Читать книгу 1945 - Rolf-Dieter Müller - Страница 20

Hitler will aus Deutschland eine Wüste machen

Оглавление

Wäre es allein nach Hitlers Willen gegangen, wären die Zahl der Toten und das Ausmaß der Zerstörungen bei Kriegsende allerdings noch erheblich größer gewesen. Denn er hatte einen teuflischen Plan gegen das eigene Volk ausgeheckt, um dessen verzweifelten Schlusskampf zu steigern und ihm keinen Ausweg zur Beendigung des Krieges zu lassen. Was hatte Hitler vor? Am 19. März 1945 verkündete er seinem Rüstungsminister Albert Speer, der an diesem Tag seinen 40. Geburtstag feierte: „Wenn der Krieg verloren geht, wird auch das Volk verloren sein. Es ist nicht notwendig, auf die Grundlagen, die das deutsche Volk zu seinem primitivsten Weiterleben braucht, Rücksicht zu nehmen. Im Gegenteil es ist besser, selbst diese Dinge zu zerstören. Denn das Volk hat sich als das schwächere erwiesen, und dem stärkeren Ostvolk gehört ausschließlich die Zukunft. Was nach diesem Kampf übrigbleibt, sind ohnehin nur die Minderwertigen, denn die Guten sind gefallen!“19 Damit bezog Hitler deutlich Stellung gegen eine ihm gerade von Speer übergebene Denkschrift, die den endgültigen Zusammenbruch der Produktion in vier bis acht Wochen voraussagte, entsprechende politische Konsequenzen anmahnte sowie die Einstellung unnötiger weiterer Zerstörungen beim Rückzug verlangte.20

Am nächsten Morgen präzisierte Hitler seine düstere Ankündigung der staatlichen und ökonomischen Selbstzerstörung. Im berüchtigten „Nero“-Befehl vom 19. März 1945 ordnete er die totale Vernichtung des wirtschaftlichen Lebens in Deutschland an (vgl. Dokument 5, S. 165 f.).21 Alle Verkehrs, Nachrichten-, Industrie- und Versorgungsanlagen sollten zerstört werden. Speer wurde teilweise entmachtet und die NSDAP-Gauleiter mit der Durchführung dieses „Nero“-Befehls beauftragt. Dies war das Prinzip „Verbrannte Erde“, wie es bereits seit 1943 bei den deutschen Rückzügen im Osten praktiziert worden war.22 Mehr als 250 000 Güterwaggons mit „Räumungsgut“ waren damals ins Reich geschafft, Hunderttausende als Zwangsarbeiter verschleppt worden; selbst Kinder wurden in spezielle Lager gebracht oder als Flakhelfer missbraucht. Man hatte dem Feind eine Wüste überlassen, und Hitler war fest entschlossen, mit Deutschland auch nicht anders zu verfahren.

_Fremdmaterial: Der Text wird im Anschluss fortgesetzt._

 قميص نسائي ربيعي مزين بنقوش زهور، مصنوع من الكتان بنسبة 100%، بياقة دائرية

Eigentlich wollte Speer, der Rüstungsminister des Dritten Reiches, der auch als Hitlers Lieblingsarchitekt dem „Führer“ so nahe stand wie kaum ein anderer in der NS-Hierarchie, mit seinem Vorstoß das Gegenteil von Hitlers Zerstörungsbefehl erreichen. Er hatte deshalb den Zeitpunkt seines 40. Geburtstages sorgfältig als günstige Übergabemöglichkeit der eigenen Denkschrift gewählt. Der Inhalt der Denkschrift war allerdings so brisant, dass sie dem Baumeister des deutschen „Rüstungswunders“ nicht nur die Sympathie seines väterlichen Freundes, sondern leicht auch das Leben kosten konnte.23 Andererseits gab sich Speer als treuer Anhänger seines „Führers“ und machte ihm Hoffnung, den Feind durch ein letztes Aufgebot an Rhein und Oder aufhalten zu können.

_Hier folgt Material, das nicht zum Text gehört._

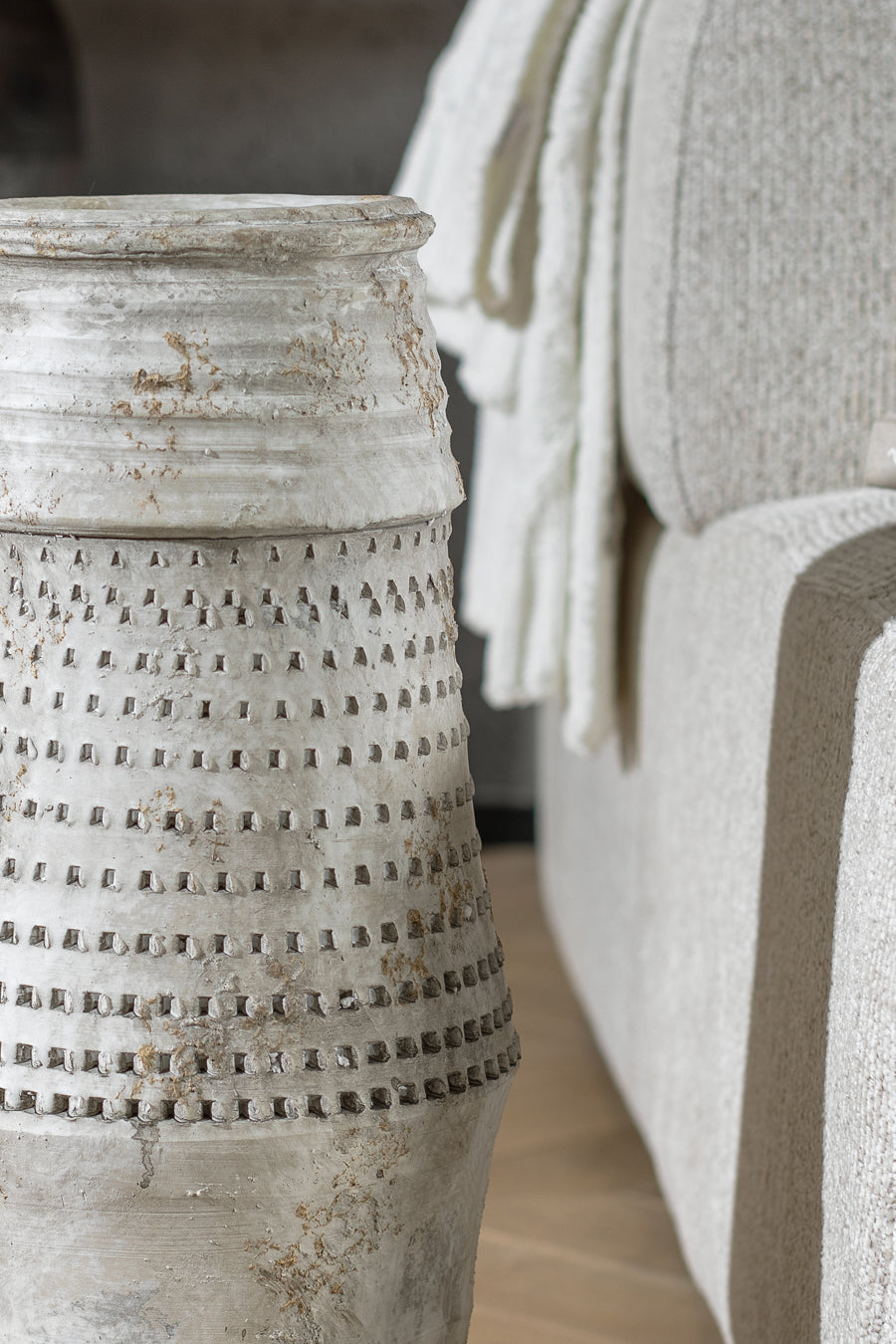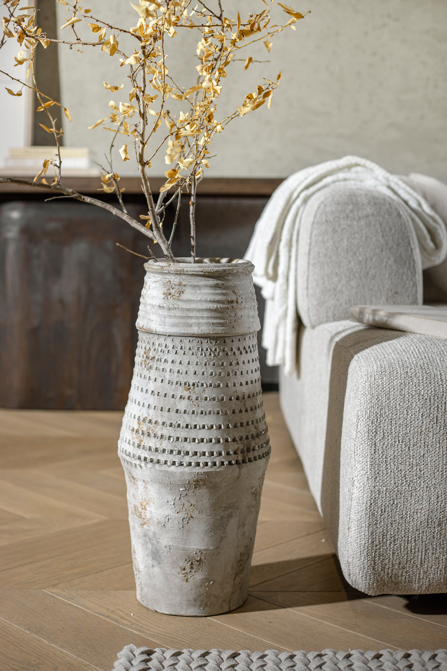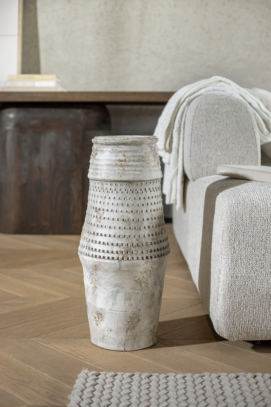 ואזה נבאדה נישאת בגוון אפור. אגרטל קרמיקה מעוצב חירור הקיפי מנימליסטי.

Am Vorabend hatte es eine stürmische Lagebesprechung im Bunker unter der Reichskanzlei gegeben, bei der es um die Verteidigung des Saargebietes ging. Hitler bestand trotz aller Einwendungen hartnäckig darauf, dass die Parteistellen die gesamte Saar-Bevölkerung zwangsweise evakuierten. Schon in den letzten Wochen war Speer bemüht gewesen, Hitlers häufige regionale Zerstörungsbefehle soweit wie möglich zu hintertreiben, um die industrielle Substanz und die Lebensmöglichkeiten für die Bevölkerung der betroffenen Gebiete über das bevorstehende Kriegsende hinaus zu erhalten. „Wir haben kein Recht dazu“, so schrieb er dann auch in seiner Denkschrift, „in diesem Stadium des Krieges von uns aus Zerstörungen vorzunehmen, die das Leben des Volkes treffen könnten.“24

Schon knapp drei Jahre zuvor, am Jahreswechsel 1941/42, hatte Speers Vorgänger, Fritz Todt, in einer ähnlich dramatischen Situation den „Führer“ beschworen, eine politische Beendigung des Krieges herbeizuführen, da nach dem militärischen Scheitern des „Unternehmens Barbarossa“ vor Moskau und dem Kriegseintritt der USA keine Aussicht mehr bestand, den Krieg zu gewinnen.25 Hitler hatte seinem damaligen Rüstungsminister erklärt, dass es einen politischen Ausweg nicht gab; es blieb nur der verzweifelte Kampf um Sieg oder Untergang. Todt kam bald darauf unter mysteriösen Umständen ums Leben, und mit der Einsetzung seines Architekten Speer als Rüstungsminister fasste Hitler wieder Mut.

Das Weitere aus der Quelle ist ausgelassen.